- Task objective:
Starting with the line below that holds "On the upper" and stopping after the line that holds "背中の羽が天使のようなデザイ", transcribe the lines exactly, leaving out all pictures.

- Data extracted from a collection:
********

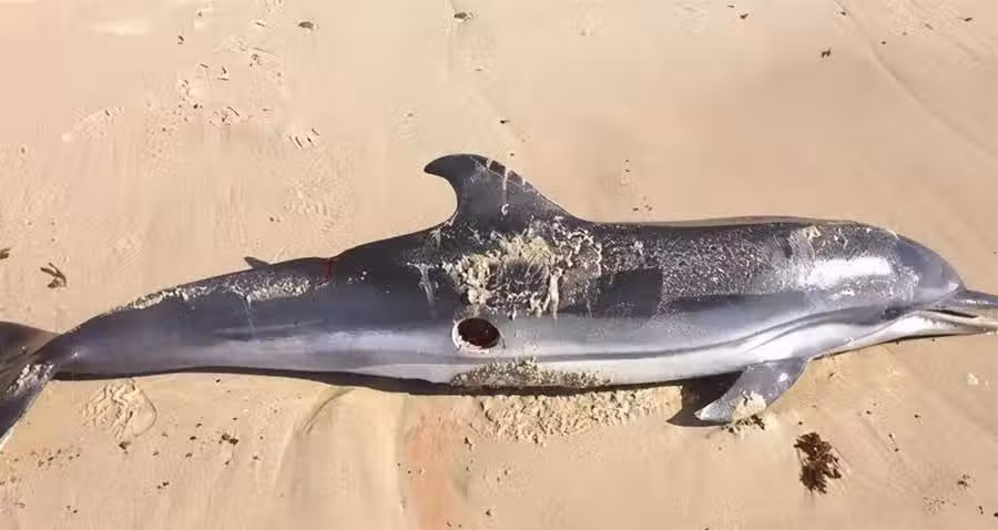(圖片說明:雪茄達摩鯊進攻大型動物後的畫面)
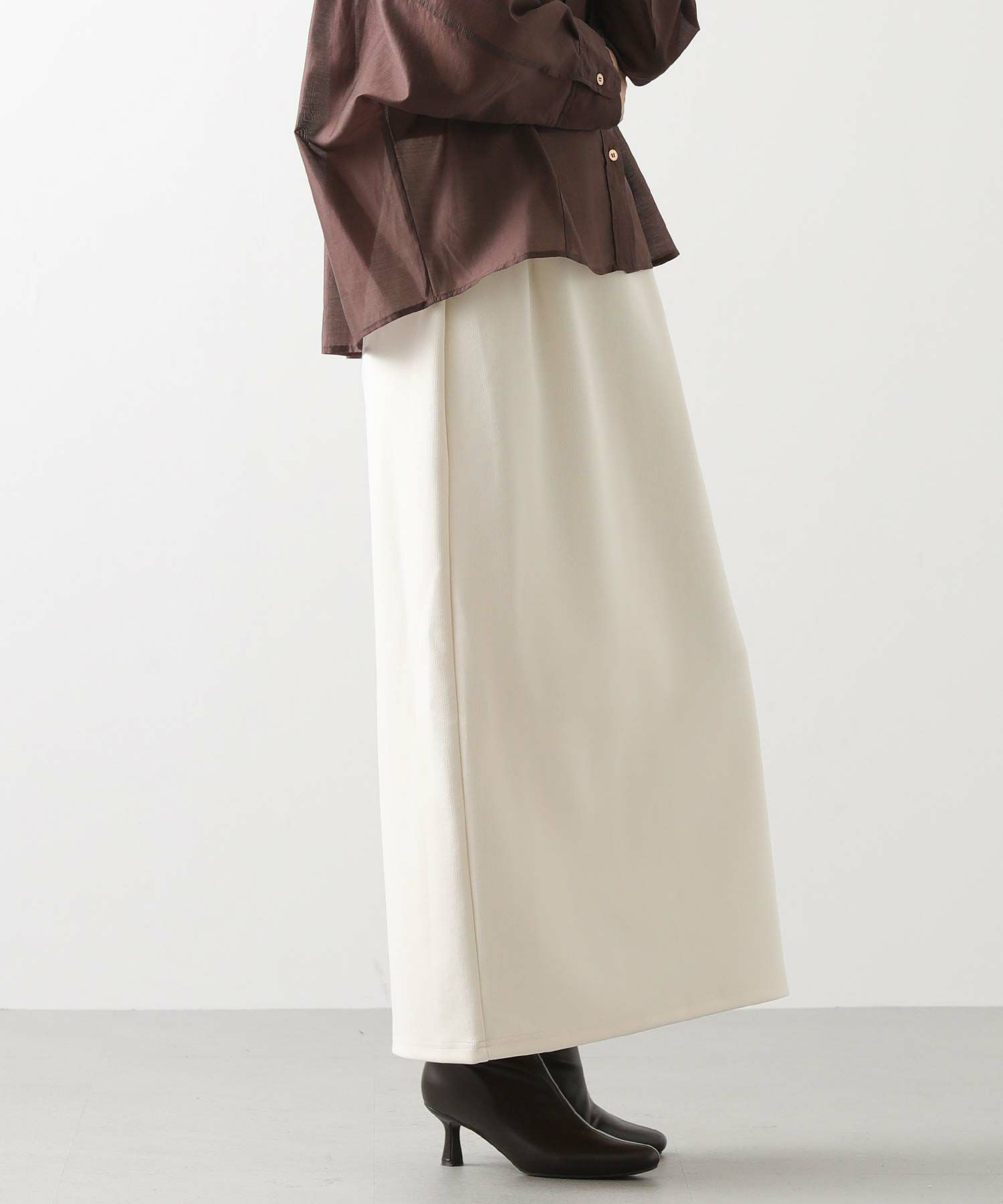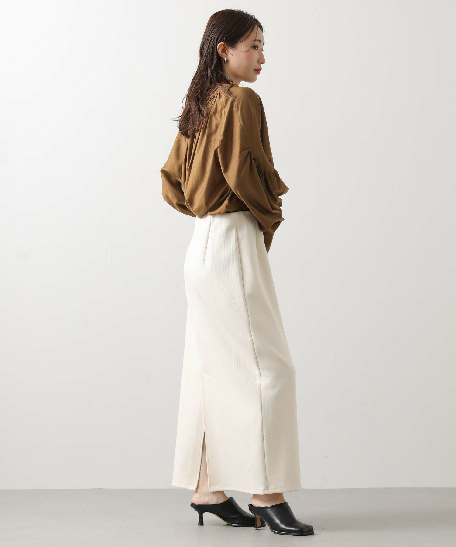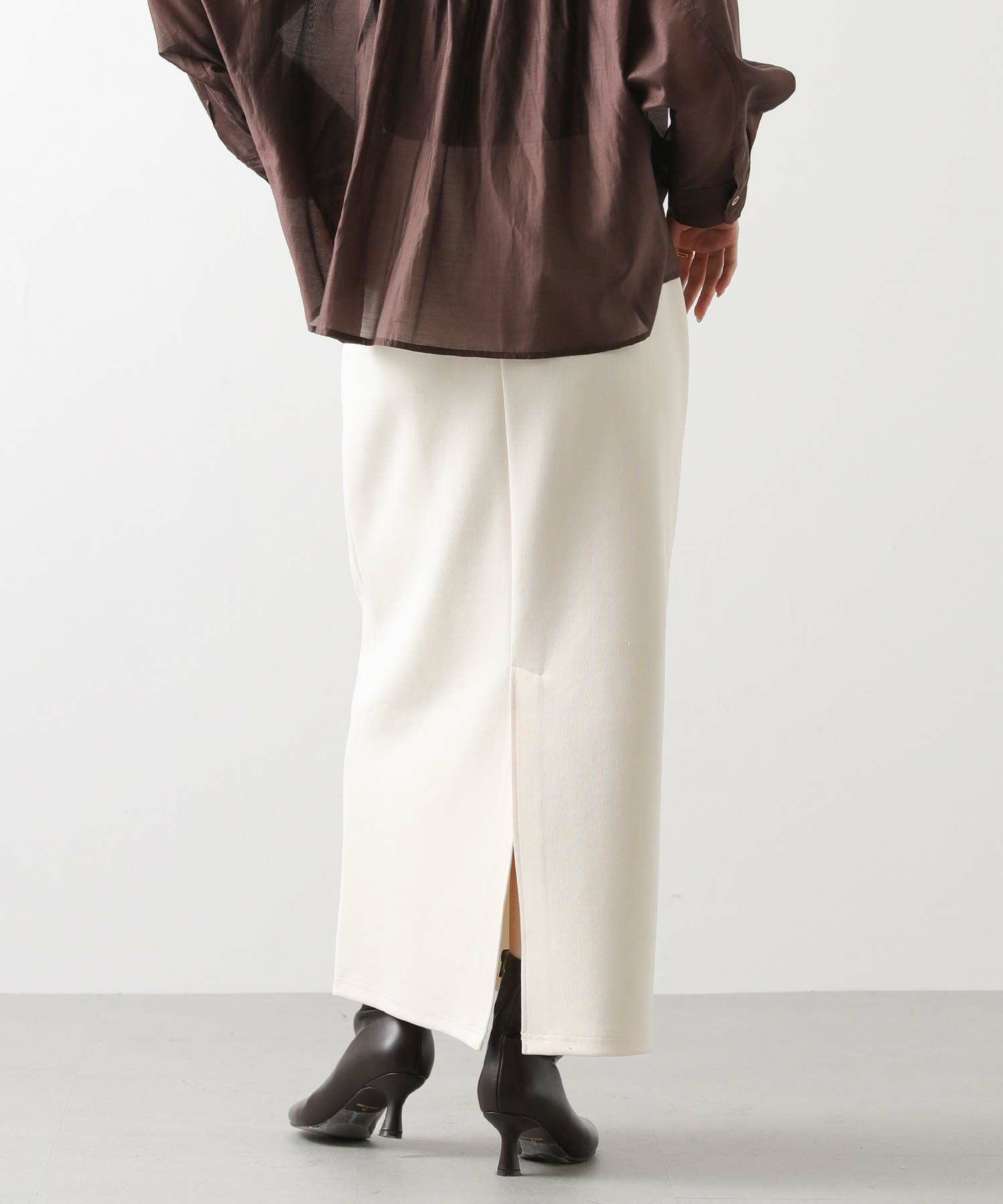 程よくフィット感のあるサイジングは、下半身をすっきり見せ、女性らしさを引き立ててくれます。
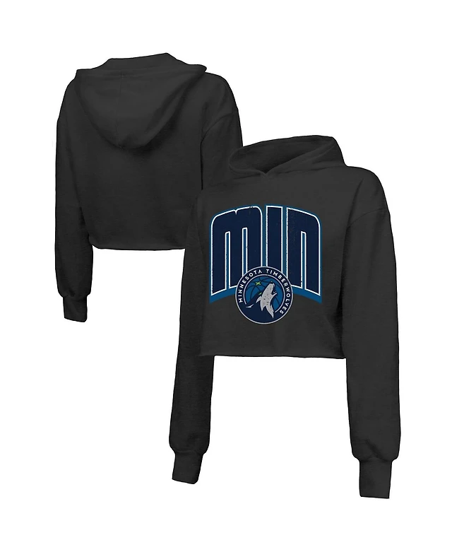 Majestic Women's Black Minnesota Timberwolves Tri-Blend Cropped Pullover Hoodie
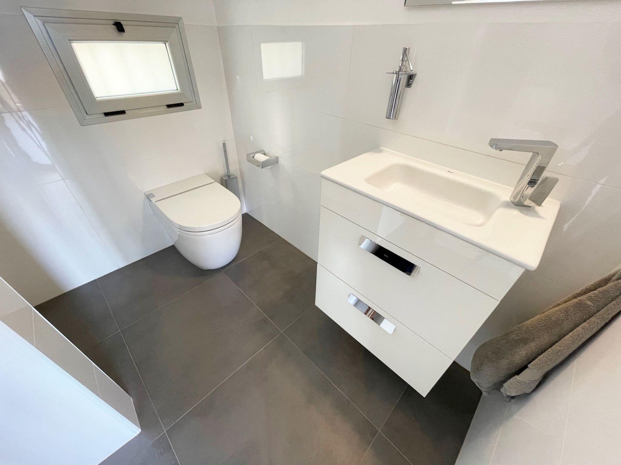 On the upper floor you will find 3 bedrooms, one of them with a large double bed (180 x 200), private bathroom and balcony with sea view. The second bedroom also has a sea view and a cosy double bed (140 x 200). The third bedroom has a comfortable pull-out sofa bed (140 x 200) and can also be used as an office. TV in all 3 bedrooms. A second, small bathroom can also be found on this level, but we think you will much prefer to shower in the secluded outdoor shower with sea view. The Italian kitchen is fully equipped, washing machine and tumble dryer are also at your disposal.
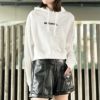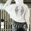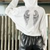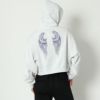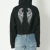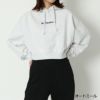 背中の羽が天使のようなデザインの刺しゅうロゴショート裏毛パーカーが登場★ショートタイプの丈感でスタイルアップも期待できるアイテム♪丈感をアピールするならハイウエストのボトムと相性バツグン◎シンプルで大人なルックがシックな印象もあるのでコーデ振り幅の広いアイテムです☆
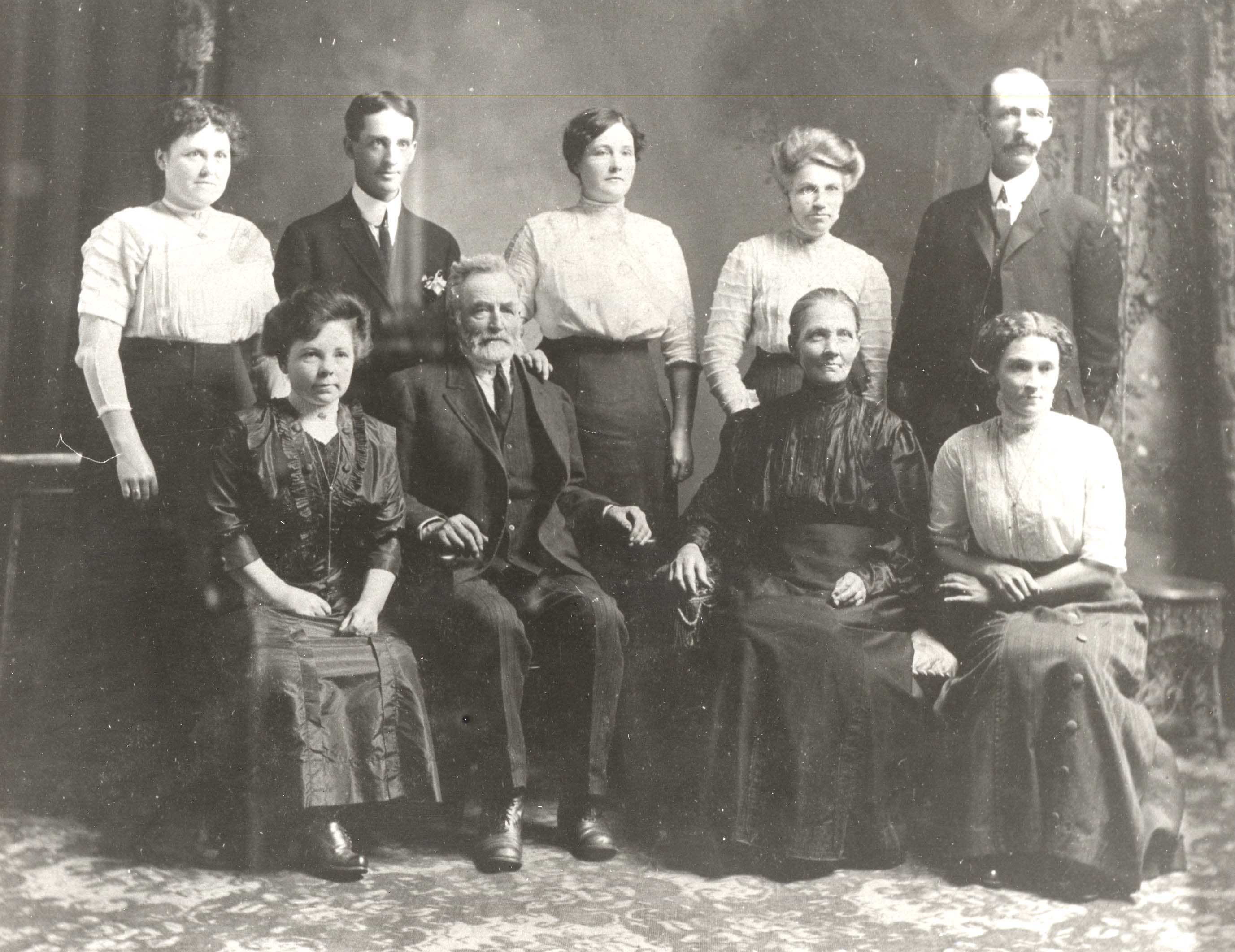 Robert Rogers(1836-1928) and his wife Elizabeth Allen (1854-1937) with their family: Standing (l to r): Libbie (Mrs. Albert Dawson), Robert,Jennie (Mrs. Frank Hindle), Mary (Mrs. Harry Kelsey, William Seated: Isobelle, Robert and Elizabeth (parents) Margaret, (Mrs. George Robertson), (second marriage Mrs. Frank Hindle), Lula (died early) Libbie (1890-1965), Margaret (1885-1964), Jennie(1881-1936), William (1879-1959), Bob (1887- 1970), Mary (1876-1955)
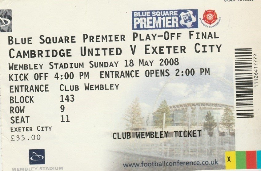 Match: Cambridge United v Exeter City Competition: Nationwide Conference Play off Final Date: 18-May-2008 Comments: Rating: 4 Condition: Very good Weight in grams: 10
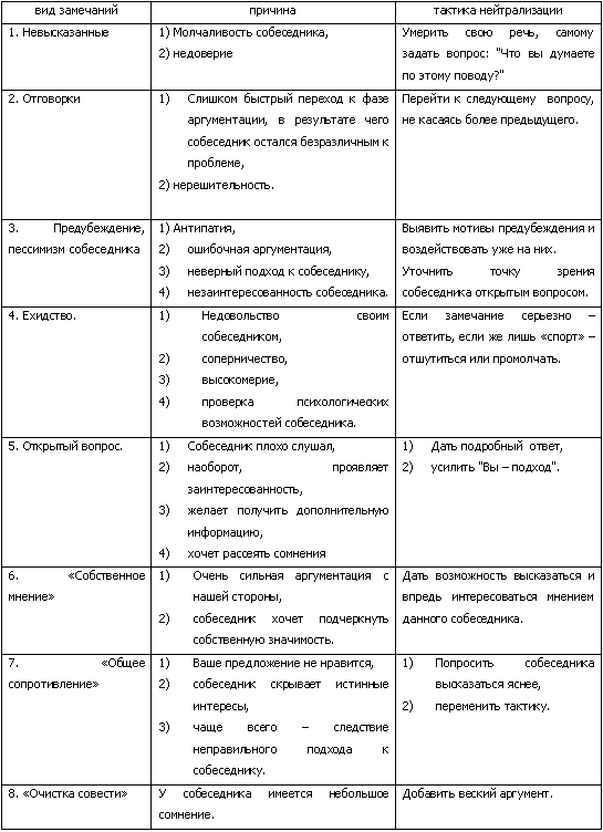 Нейтрализация замечаний собеседника является одним из самых сложных этапов в деловой беседе. Перед сторонами беседы на этом этапе стоят следующие цели: выявить противоречия в речи собеседника; оспорить (если это необходимо и возможно) приведенные собеседником факты; убедиться, что заключение собеседника не ошибочно; показать другую сторону проблемы.

********

- Problem solution:
 On the upper floor you will find 3 bedrooms, one of them with a large double bed (180 x 200), private bathroom and balcony with sea view. The second bedroom also has a sea view and a cosy double bed (140 x 200). The third bedroom has a comfortable pull-out sofa bed (140 x 200) and can also be used as an office. TV in all 3 bedrooms. A second, small bathroom can also be found on this level, but we think you will much prefer to shower in the secluded outdoor shower with sea view. The Italian kitchen is fully equipped, washing machine and tumble dryer are also at your disposal.
 背中の羽が天使のようなデザインの刺しゅうロゴショート裏毛パーカーが登場★ショートタイプの丈感でスタイルアップも期待できるアイテム♪丈感をアピールするならハイウエストのボトムと相性バツグン◎シンプルで大人なルックがシックな印象もあるのでコーデ振り幅の広いアイテムです☆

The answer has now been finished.